If you do not preserve research data, this book is still important for you, because other sectors (cultural heritage, archives) that started out with simple objects will increasingly be faced with more complex varieties, as content producers are discovering the extra possibilities and putting them to good use.
The 'Droste' effect |
To tackle the problems of more complex objects, Giaretta, and the CASPAR project team, developed a theory around the Representation Information Network. Simply put: a (or rather: any) data object is nothing but ones and zeros; they must be accompanied by representation information in the metadata to tell you what you need to 'independently interpret, understand and use' (in OAIS language) the data object. The data object can be a single file or multiple files, and the representation information can be anything from a scribbled handwritten note to a complex machine readable formal description (pp 17 ff). In Giaretta's more accessible advocacy language: you have something that is unfamiliar (ones and zeros) and the representation information gives you what you need to make it familiar. However, representation information is not a straight-forward thing: it is more like a set of Russian babushka dolls (in Dutch we would refer to the 'Droste effect', after the cacao nurse that serves from a cacao tin that has her own image on it which serves from a cacao tin that ...): a Word document cannot be understood with Microsoft Office software alone, you will need the operating system, and the programming language, and so forth and so forth. You will need every dictionary, every definition, every standard, every specification that is used somewhere along the line - until you connect with the knowledge base of your designated community, that is: you make the connection with what your designated community has at its disposal in terms of software, hardware and knowledge to work with those.

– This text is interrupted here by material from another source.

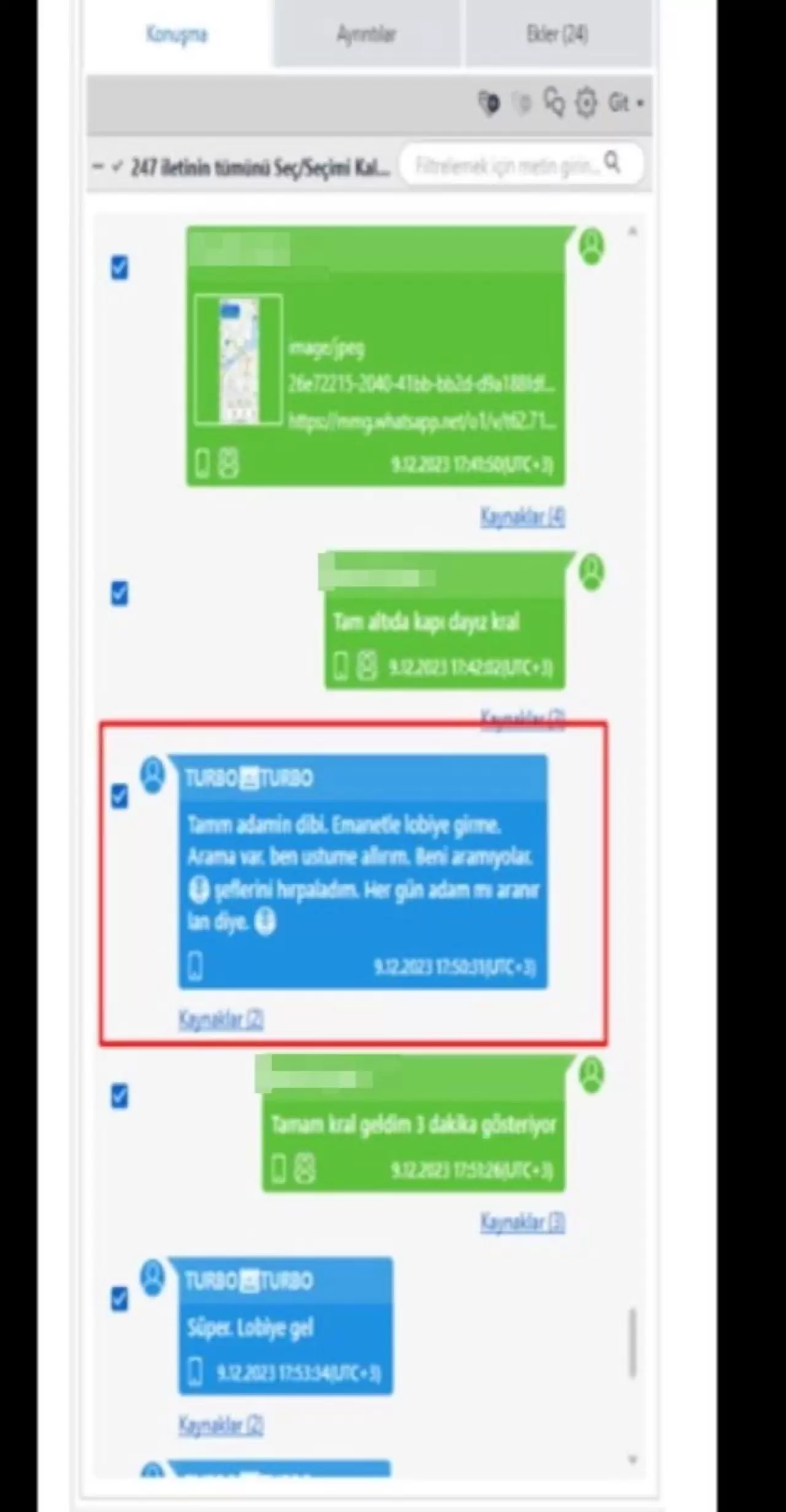 Savcılık tarafından incelenen dijital materyallerde Turabi Çamkıran'ın “TURBO TURBO” adıyla kayıtlı olduğu belirlendi. İddianamede yer alan mesajlaşmalarda Çamkıran’ın sanık M.Ş.'ye, “Benim kızın emanetini unutma. Ayın 15’i giderken emaneti sana bırakacağız ama sende dursun hep” dediği görüldü. M.Ş. ise buna “Emanet kolay” diyerek yanıt verdi. Ayrıca Çamkıran’ın Türkiye’ye dönüş yaptığı 3 Aralık 2023’te M.Ş.'ye yeni bir numaradan ulaştığı da belgelerde yer aldı.

Giaretta and his CASPAR team argue that this is the only method that will work for all digital objects, no matter how simple or complicated. The trick will of course be to build that automated process that will keep our digital objects "fresh".
More research is needed to turn this theory into something practical. Meanwhile there is this book to enjoy and learn from, including excursions into non-technical territory: repository audits, preservation chains, business models, stakeholders analysis, and more. Giaretta's fluid style of writing, the many cross-references, summaries, and warning signs have enabled me to delve deeper into the technical level than I thought possible. And I am still learning.
What I would like to see next, however, is more interaction between what Giaretta is developing and what the Open Planets Foundation led by Bram van der Werf (and the related SCAPE project) is working on. What would be really great to have for the community is their joint views on what works and what does not - and in which circumstances, and the direction R&D should take. How about it, gentlemen?
David Giaretta [et al.], Advanced Digital Preservation (Springer, 2011, isbn 978-3-642-16808-6, €99.95).